S111: the contamination ratio was set to [0.01, 0.02, 0.05, 0.08, 0.1 ].

S112: whether the sample with put back is False is set, and whether the last trained classifier is inherited to carry out the next training of war _ start is set to True.

S113, setting the number of classifiers in the integrated model, namely the number n _ estimators of trees in the solitary forest to [120, 130, 140, 150, 160, 170, 180], setting the selected characteristic proportion max _ features in training each tree to [0.01, 0.02, 0.05, 0.08, 0.1], and setting the selected sample proportion max _ samples in training each tree to [0.01, 0.02, 0.05, 0.08, 0.1 ].

S114: the number of processes n _ jobs running simultaneously is set to 4.

S115: and selecting default values for other parameters.

And (3) selecting the parameters in the steps (1) and (3) by using grid search, and selecting the parameter with the optimal result as the parameter of the optimal model.

Step S12: further, in step S8, the TPR, TNR, Precision, Recall, F1-score and Accuracy indexes are calculated as follows:

TNR=TN/(TN+FP),TPR=TP/(TP+FN),Precision=TP/(TP+FP),Recall=TN/(TN+FP),F1-score=2*Precision*Recall/(Precision+Recall),Accuracy=(TP+TN)/total。

example 3

Referring to fig. 2, the hardware trojan detection system and the information data processing method based on unsupervised learning according to the embodiment of the present invention include the following steps:

step S1: the hardware Trojan horse characteristic is analyzed from the aspects of circuit structure, Trojan horse trigger circuit and load circuit function, the difference between the Trojan horse circuit and a normal circuit is analyzed, the characteristic of low trigger probability of the Trojan horse circuit is associated with the static characteristic, and the design can efficiently detect the circuit characteristic of the hardware Trojan horse circuit.
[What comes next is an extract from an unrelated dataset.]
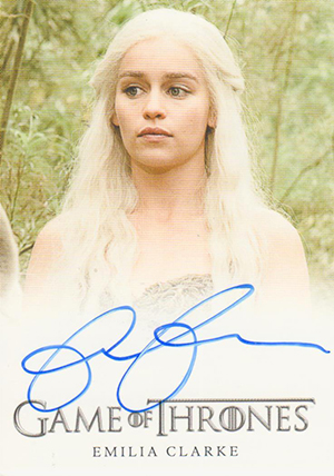 Taking over the role of Sarah Connor for Terminator Genisys is Emilia Clarke, best known for playing the Mother of Dragons on TV’s Game of Thrones, Daenerys Targaryen. Through four seasons worth of sets for the show from Rittenhouse, Clarke has autographs in only the first two.

The selected Trojan horse features are as follows: the number of logic gates out _ logic _ gate _ x and in _ logic _ gate _ x (x is 1, 2, 3, 4, 5) that are x levels away from the input or output of net; the fan-in number fan _ in _ x of the logic gates far from the net x level (x has a value of 1, 2, 3, 4, 5); the number of flip-flops in _ dff _ x, out _ dff _ x that are x stages away from the input or output of the net (x has a value of 1, 2, 3, 4, 5); the number of multiplexers in _ mux _ x, out _ mux _ x that are x levels away from the input or output of the net (x is 1, 2, 3, 4, 5); the logic levels out _ nearest _ mux and in _ nearest _ mux of the multiplexer nearest to the input end or the output end of the net of the wire network; the logic levels out _ nearest _ dff and in _ nearest _ dff of the trigger closest to the input end or the output end of the net of the line network; the logic series in _ nearest _ inv and out _ nearest _ inv of the inverter closest to the input end or the output end of the net of the line network; the input end or the output end of the net contains the number in _ loop _ x and out _ loop _ x of x-level loops (the value of x is 1, 2, 3, 4 and 5); the logic levels, nearest _ pin and nearest _ pout, of the main input or main output nearest to the net of the wire network; the number of constant terms in _ const _ x, out _ const _ x (the value of x is 1, 2, 3, 4, 5) that are x-level far from the input or output of the net; the maximum number of logic gates of the same type in _ same _ gate _ x (x has a value of 1, 2, 3, 4, 5) at x levels away from the net input of the net.

Step S2: and preprocessing the gate-level netlist to be tested, performing text analysis by using a Python script, and extracting required circuit characteristics from the text analysis.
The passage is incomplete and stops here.